Scientific reserve in Moldova

Codru Reserve (Rezervaţia Codru; plural: Codrii) is a scientific reserve in Străşeni District, Moldova. Established in 1971, it encompasses 5,177 hectares of protected forest ecosystem of the Codri area. The reserve is situated in the central part of Moldova and includes the Condrița forest reserve area, which is partly bounded by Condrița village to the north and Ulmu village of Ialoveni District to the south.

==Archaeology==

The reserve has gained archaeological significance in recent years. In July 2021, archaeologists discovered the Condrița hoard within the reserve's boundaries, approximately 1 kilometre west of Condrița village and 0.7–0.8 kilometers north of the Chișinău-Leușeni highway.

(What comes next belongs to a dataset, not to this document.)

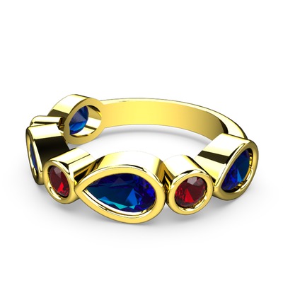 Lab safir ve garnet 925 ayar altın kaplama gümüş yüzük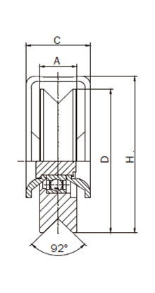 Tolókapura szerelhető görgőtest. Ø68mm átmérőjű, V-profilú görgő.

This hoard, dating to the Cucuteni A – Tripolye BI period (second half of the 5th millennium BC), ranks as the second-largest assemblage of metal items from this period found in Moldova, after the Cărbuna village hoard discovered in 1961. The Condrița hoard contained numerous copper objects, including bracelets, a hammer axe, as well as flint arrowheads and gold items, all originally contained in a pottery vessel. The discovery suggests that the forest area of the Codru Reserve has been significant to human activity for millennia, though no settlement evidence was found in the immediate vicinity of the hoard, indicating it was deliberately hidden in this forested region.

==Biodiversity==

The Codru Reserve is the single known Moldovan location for the gastropod species Bulgarica cana.